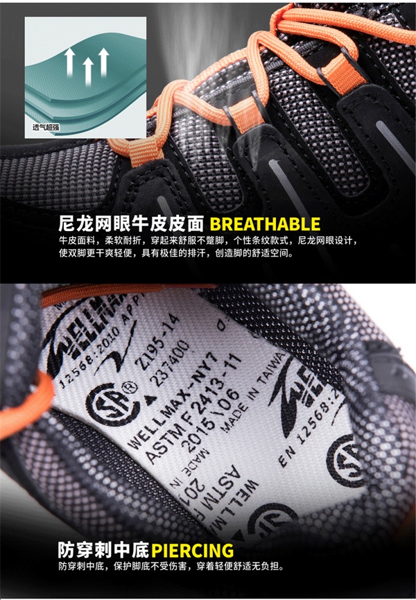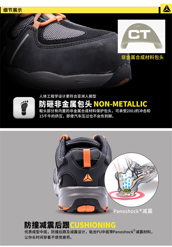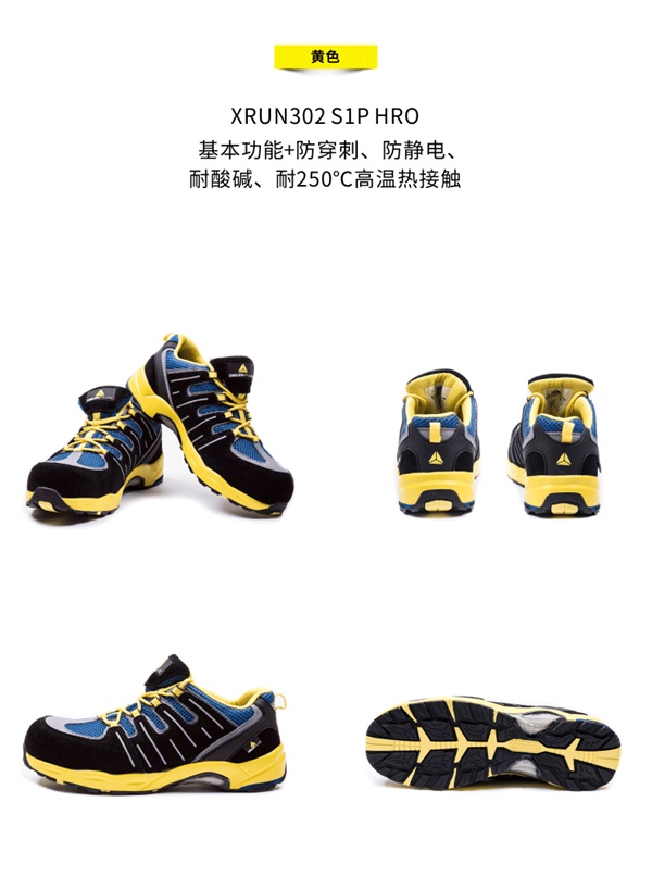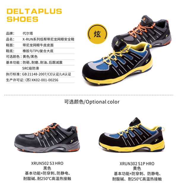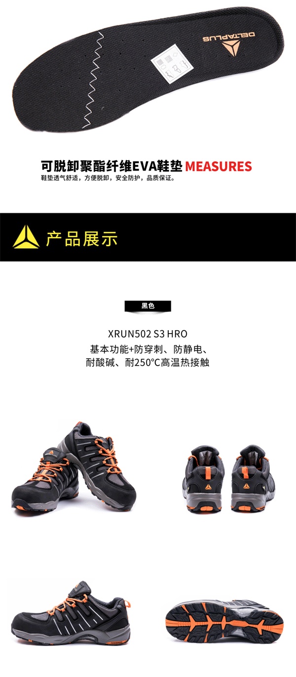 代尔塔301352 X-RUN系列新款低帮带尼龙网眼安全鞋,带尼龙网眼牛皮皮面,聚酰胺吸湿衬里,可脱卸预成型聚酯纤维EVA鞋垫,粘合PU中底带Panoshock减震材料,非金属合成材料保护包头和防刺穿中底,橡胶与TPU复合大底,兼具两者优势。防砸、防刺穿、防静电、后跟减震、耐磨、耐油、耐酸碱、SRC级防滑、耐250℃高温热接触。透气性能卓越、适合在闷热场合长时间穿着。XRUN502为橙色S3款
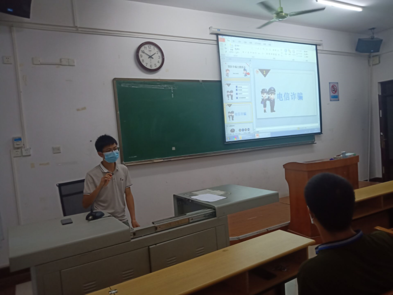 班会上班长跟我们介绍了什么是电信诈骗,观看了相关的视频并邀请受骗的人上台叙述经历。还讲了宿舍盗窃和盗刷饭卡等问题,最后告诉我们如何增强自己的防范意识。
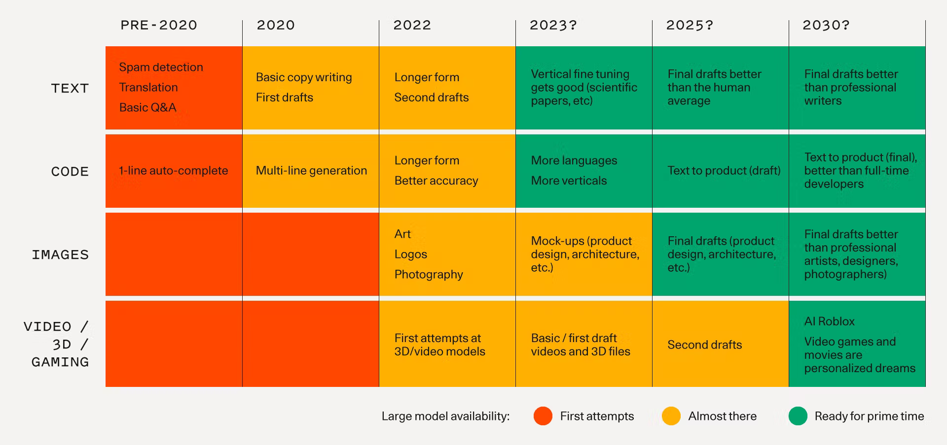 The below chart by Sequoia Capital illustrates a timeline for how we might expect to see fundamental models progress and the associated applications that become possible.
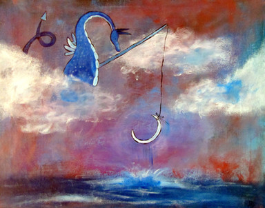 Take a look at the moon on that, it's the Best moon I've ever painted!Acrylic paint on a thick cardboard strip from inside a roll of fabric that I've reinforced with duct tape.
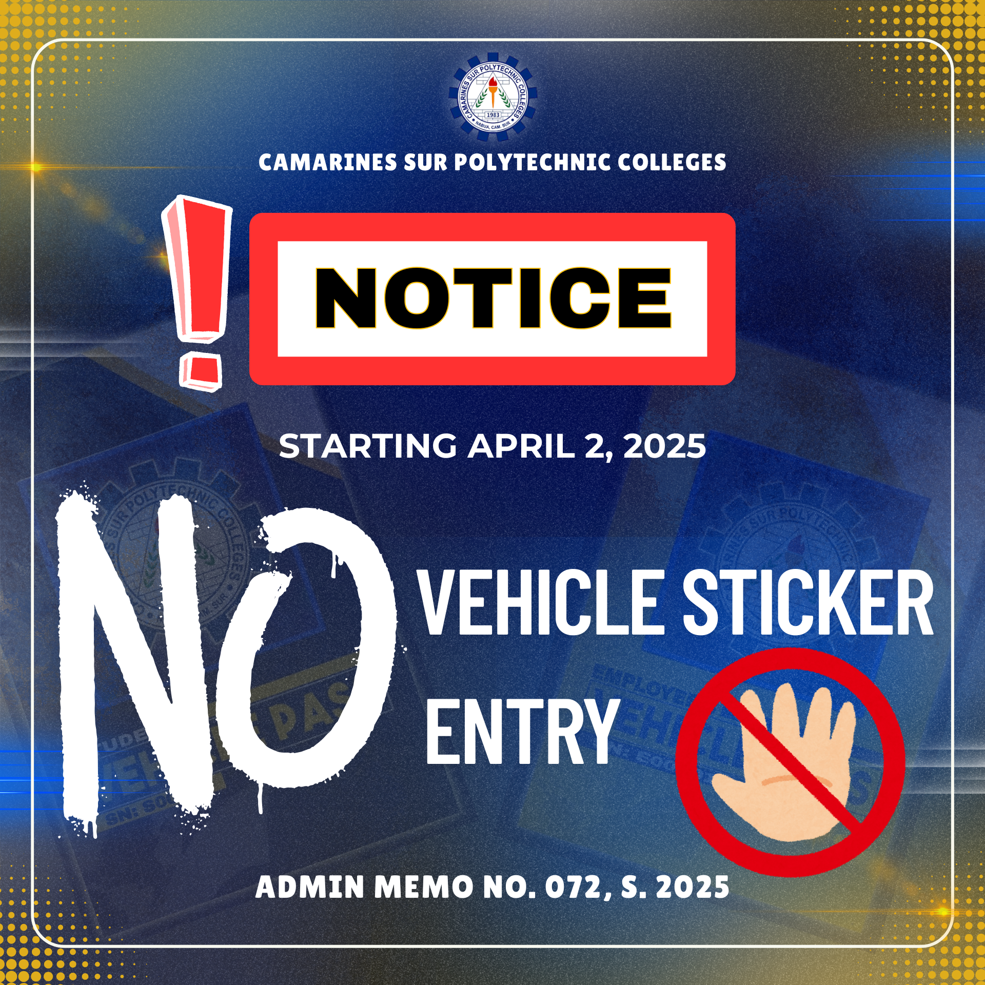 A “No Vehicle Sticker, No Entry” policy will be implemented at Camarines Sur Polytechnic Colleges (CSPC) starting April 2, 2025 (Wednesday). This policy, aimed at maintaining order and security, is authorized by Approved Resolution No. 2024-45 of the CSPC Administrative Council. Vehicle stickers are available to CSPC students and employees at the Production and Auxiliary...Read More
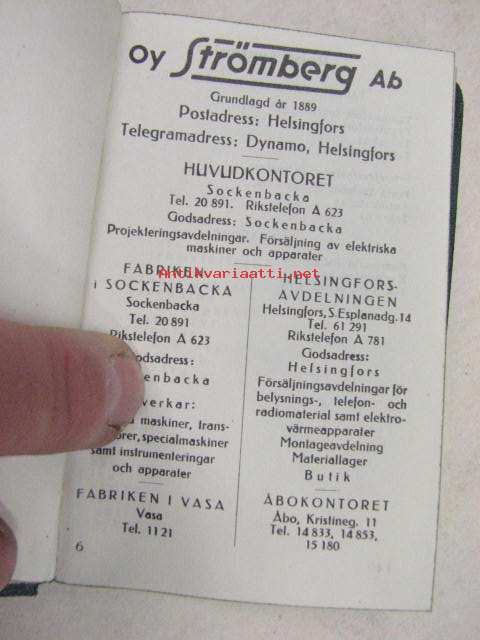 Oy Strömberg Ab, 1945 7 x 11 cm kirja.
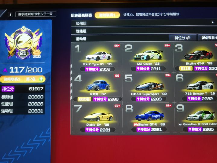 说真的单排玩着很无聊很疲惫,高分基本都是跟人机跑,大分图人机还会摆烂不像上赛季一直有尾流。最后肝图还得靠大师赛,好图加前车尾流猛猛吃分大师赛一开始没玩,这两周才开始打,目前4420,也没想上这个…主要是等来图再看别人拿什么车有尾流就给车拉排位分排位选图机制再不改改真的不想玩了,大分图永远随不到,出了人机还会给你禁掉。还有新图杯就是纯无效对局(不是大分图跑了也没用,最后算不到车辆
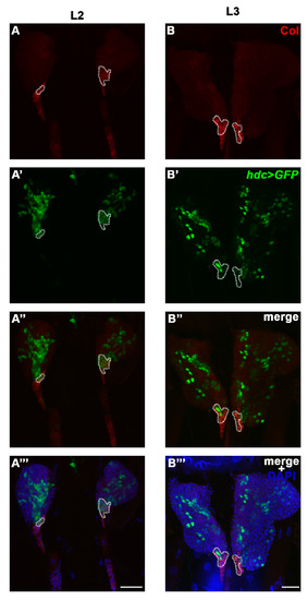 To locate the focus of the hdc mutation in relation to its hematopoietic phenotype, first we analyzed the hdc19-Gal4>GFP expression in the lymph gland at different larval stages. In L2 larvae, hdc19-Gal4>GFP was broadly expressed in the primary lobes of the lymph gland. The expression pattern partially overlapped with the anti-Collier staining in the PSC and in the secondary lymph gland lobes (Figure 4A–A’’’ and Figure A1A–A’’). In early L3 larvae, the expression pattern was greatly altered as compared to the L2 stage, the hdc19-Gal4>GFP being expressed in less hemocytes of the primary lobes, and only in a few of the cells in the PSC (Figure 4B–B’’’ and Figure A1B–B’’). In wandering L3 larvae, the number of GFP expressing hemocytes was further reduced in the primary lobes, and no GFP expression was detected in the PSC. However, hdc19-Gal4>GFP was still detectable in a subset of the cells in the secondary lymph gland lobes (Figure A1C–C’’).
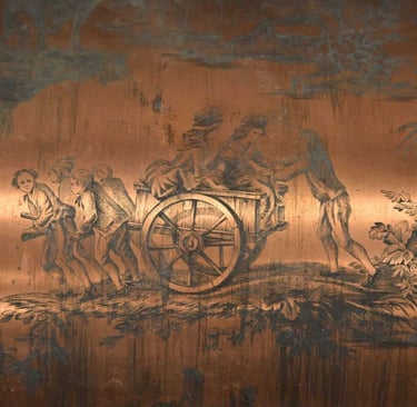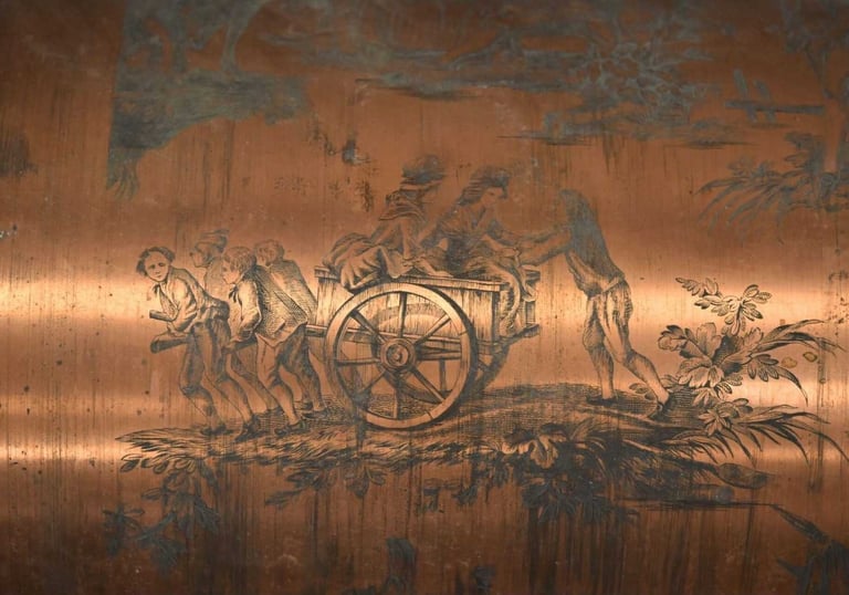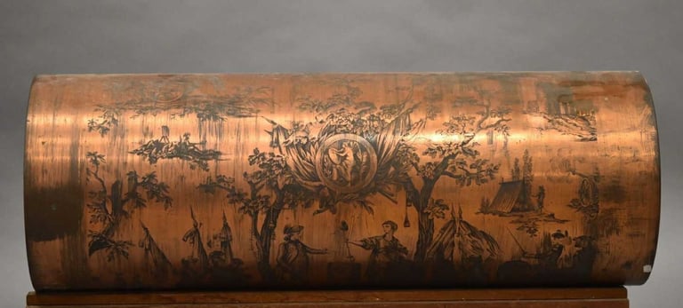 Réalisé en impression en creux sur cuivre, dite “à la manière d’Angoulême”, ce cylindre illustre une technique dérivée de la gravure d’estampe, permettant une impression continue du tissu et une grande finesse de dessin. Avec cette acquisition, l’Association des Amis du Musée de la Toile de Jouy documente la longue vie des motifs de Jouy, depuis leur création au XVIIIᵉ siècle jusqu’à leurs réemplois industriels, et éclaire concrètement les étapes de fabrication de la Toile de Jouy, du dessin au tissu imprimé.
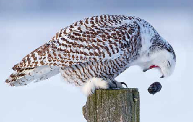 A Snowy Owl coughs up a pellet containing the indigestible parts of its prey.
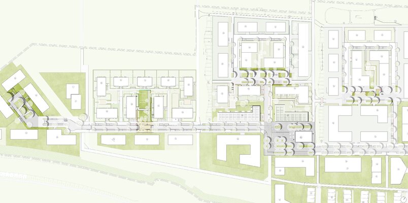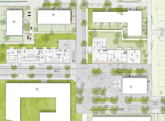 Die Ausloberin beabsichtigt die Errichtung zweier Wohngebäude im neu entstehenden Stadtquartier Hilgenfeld. Diese beiden Wohngebäude bilden mit dem anschließenden Quartiersplatz die neue Quartiersmitte mit entsprechend hoher städtebaulicher Bedeutung. Bestandteil der Wettbewerbsaufgabe sind außerdem neben dem Quartiersplatz vier weitere Freiflächen unterschiedlicher Größe und Funktion, die über das Quartier verteilt sind. Grundlage für die Gebäude- und Freianlagenplanung ist ein bestehender städtebaulicher Rahmenplan und der daraus abgeleitete Bebauungsplan.
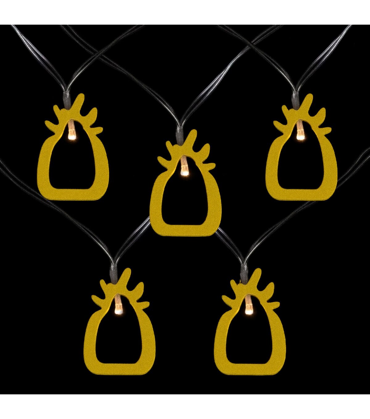 Light up your space with these adorable yellow pineapple-shaped lights. These battery-powered lights require 2 double A batteries which allow hanging from more places. Perfect for adding some holiday magic to your wreaths trees garland or add to your lanterns and vases for some unique sparkle. Product Features: Color: clear bulbs / clear wire Number of bulbs on string: 10 Requires 2 AA batteries - not included Bulb size: micro Spacing between each bulb: 6" Lighted length: 4' Total length: 5' 12" lead cord Material(s): wood/plastic/wire
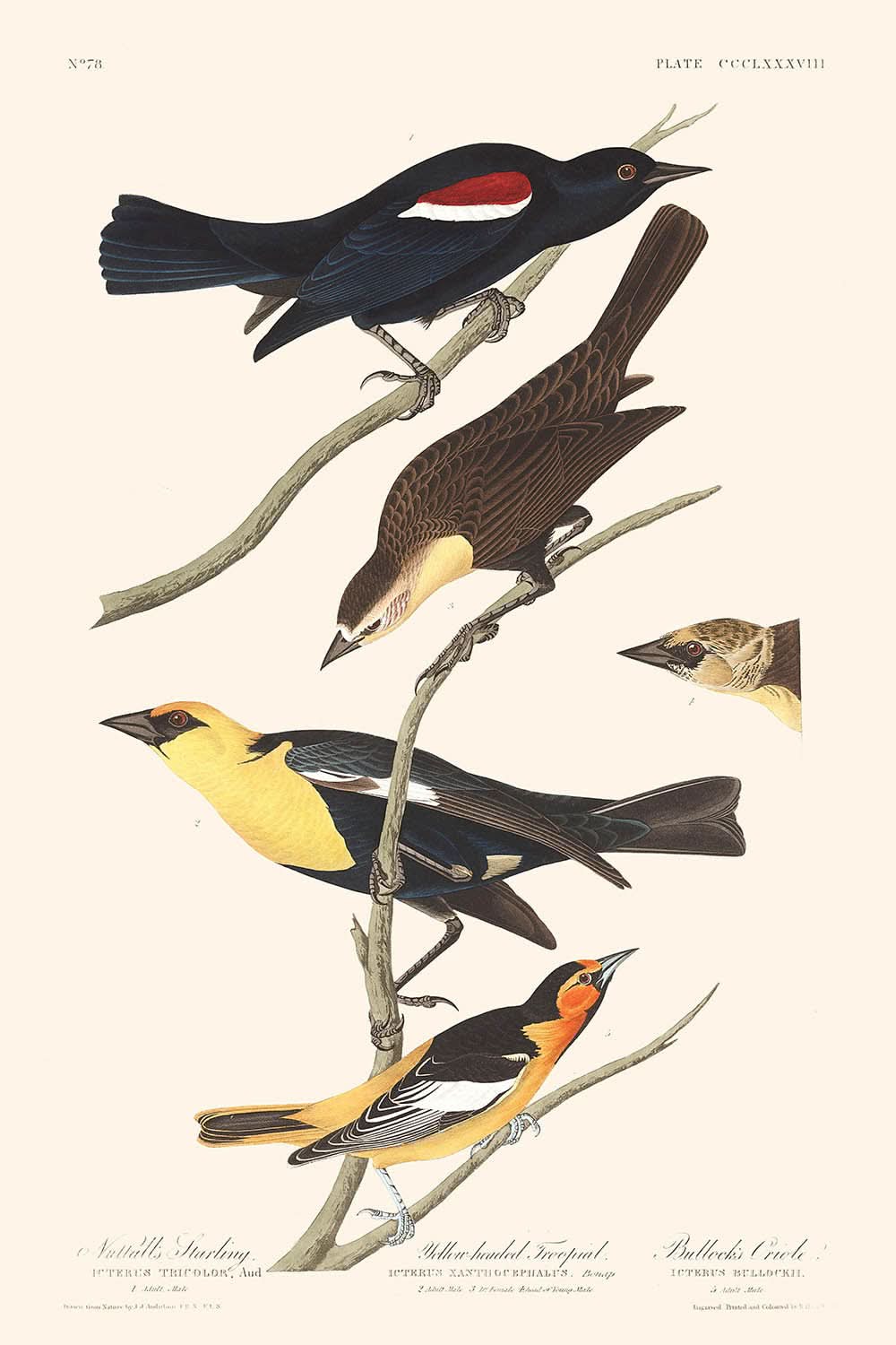 Estornino de Nuttall, troopial de cabeza amarilla, oropéndola de Bullock, de John James Audubon, 1827
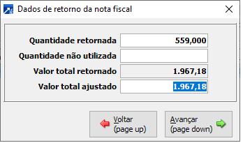 Exibe o valor total retornado para a nota de remessa, a partir da quantidade retornada do item e valor unitário da nota fiscal de beneficiamento.
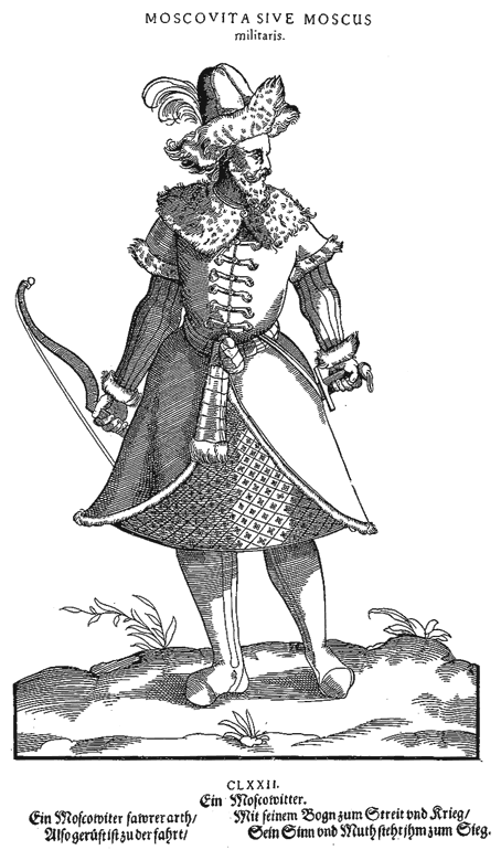 «Московит в военном наряде», гравюра из книги Сигизмунда Герберштейна «Записки о Московии» (изд. 1556 г.)
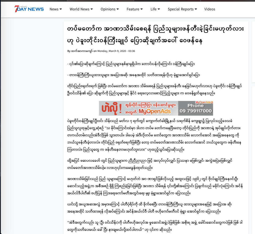 • တပ်မတော်က အာဏာသိမ်းဖို့ အတွက် ပြည်သူတွေက ဖန်တီးနေတာ မဟုတ်ဘူး လား လို့ ပြောခဲ့တယ်။ ( ပုံ ၃)

+++

Assignment:
In the listing above, find the line containing "and Auxiliary...Read More" and the line containing "说真的单排玩着很无聊很疲惫,高分基本都是", then write out both of them and every line between, exactly, with no pictures.

Output for this task:
 A “No Vehicle Sticker, No Entry” policy will be implemented at Camarines Sur Polytechnic Colleges (CSPC) starting April 2, 2025 (Wednesday). This policy, aimed at maintaining order and security, is authorized by Approved Resolution No. 2024-45 of the CSPC Administrative Council. Vehicle stickers are available to CSPC students and employees at the Production and Auxiliary...Read More
 Oy Strömberg Ab, 1945 7 x 11 cm kirja.
 说真的单排玩着很无聊很疲惫,高分基本都是跟人机跑,大分图人机还会摆烂不像上赛季一直有尾流。最后肝图还得靠大师赛,好图加前车尾流猛猛吃分大师赛一开始没玩,这两周才开始打,目前4420,也没想上这个…主要是等来图再看别人拿什么车有尾流就给车拉排位分排位选图机制再不改改真的不想玩了,大分图永远随不到,出了人机还会给你禁掉。还有新图杯就是纯无效对局(不是大分图跑了也没用,最后算不到车辆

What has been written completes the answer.